二人が舞台に現れると、監督は進行役の大谷とほとんど目を合わせず、会場の隅上に目を走らせながら「私はウラの取れた話しかいたしませんので」と語りだし、その著名人の流転話、性談義はどれもスジが通った内容で、特に圧巻だったのが自らの人生の浮沈話。「こんなどん底の男でも生きているのだと思って、みなさんも生きてください」のメッセージに集まったボンクラたちはうっかり感動までしてしまい、会場で先行発売された『村西とおるの閻魔帳』(コスモの本)の物販に列を作るのだった。当然私も買った。
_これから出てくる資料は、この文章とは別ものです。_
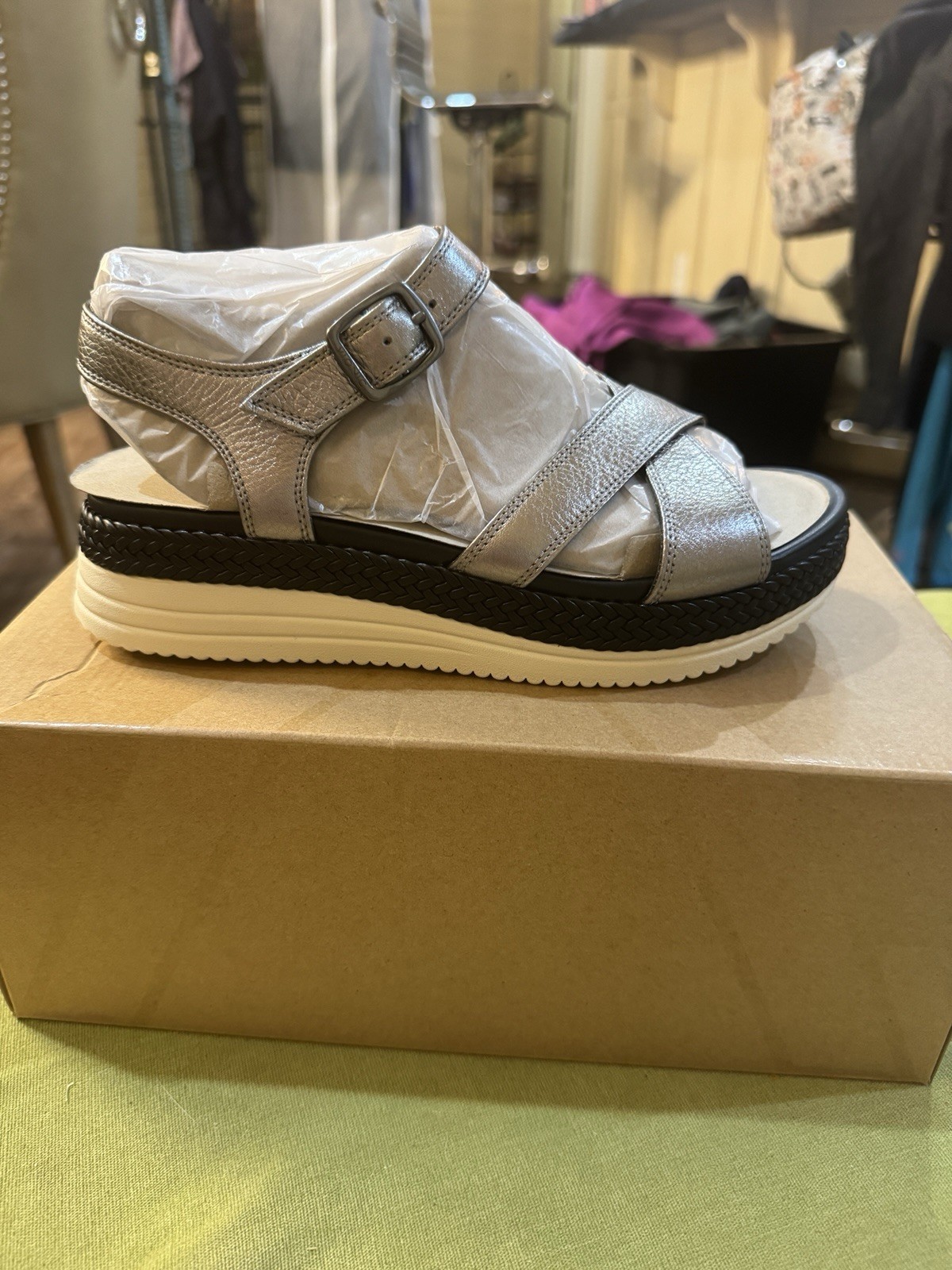 как выглядит Vionic Womens Mar Strappy Sandals In Pewter Leather Size 6 Platform фото

それにしてもこの『閻魔帳』である。項目をさっと眺めると「伝説の裏側ーー山口百恵伝説」「陣内と紀香の離婚の「真相」」「ジャニーズ帝国物語」「吉永小百合さまの処女を奪った男」などなど、一部ブログで読んだ記憶はあっても、改めて書籍で通読すると「これが出版されるってウソでしょ?」と掌の表と裏から汗がにじみ出てくる裁判必至の怪作揃い。しかしこれがただのゴシップかといえばそんな軽いものではなく、村西監督の人生と正義感に即して書かれているから一文一文がずっしりと重いのである。人の営みをすくいとるものが文学とするなら、これは文学に他ならない。芸能人のよもやま話をエンターテイメントに昇華させた浅草キッド『お笑い男の星座』の下流に博多大吉『年齢学序説』があるなら、この本は上流で轟々と水を湧出している巨大な水源であり、『閻魔帳』の名の通り扱われた芸能人にとっては芸能寿命は縮むデスノートかもしれないが、一般人は読んでいると不思議と勇気が湧いてくるライフノートであり、とにもかくにも私の心の発売3日で100万部突破作品。発禁処分になる前に手に入れた方がいい。
「この文章はそうした「つらい人生」を生きている人たちに読んでいただければ、と書かせていただいております。私自身がただ今も崖ぷちの人生を生きているからでございます。成功したり、いい思いをしている人間の話に興味などないのであります。もう駄目だ、という状況を生きているから共感し合えるのでございます」(本文168Pより)
ところでライブ中、村西監督は「人間、死への恐怖を忘れるため性の快楽に走るのでございます」と非常に腑に落ちる話をしていて、それを聞いてダイノジ・大谷が半年に1回はブログで書く「初期のスピッツは性と死を感じさせるから好きだ」の文章を思い出した(最近だと「原監督=大喜利王説について語りたいねえ」が1週間に1回、「これって映画『レスラー』じゃないか」の文言が1日2回出てくる)。もしかすると村西監督はダークサイド・草野マサムネなのかもしれない。「ラズベリー」の歌詞に出てくる「5円玉の向こう」の「5円玉」とは「アヌス」に他ならないのでございます。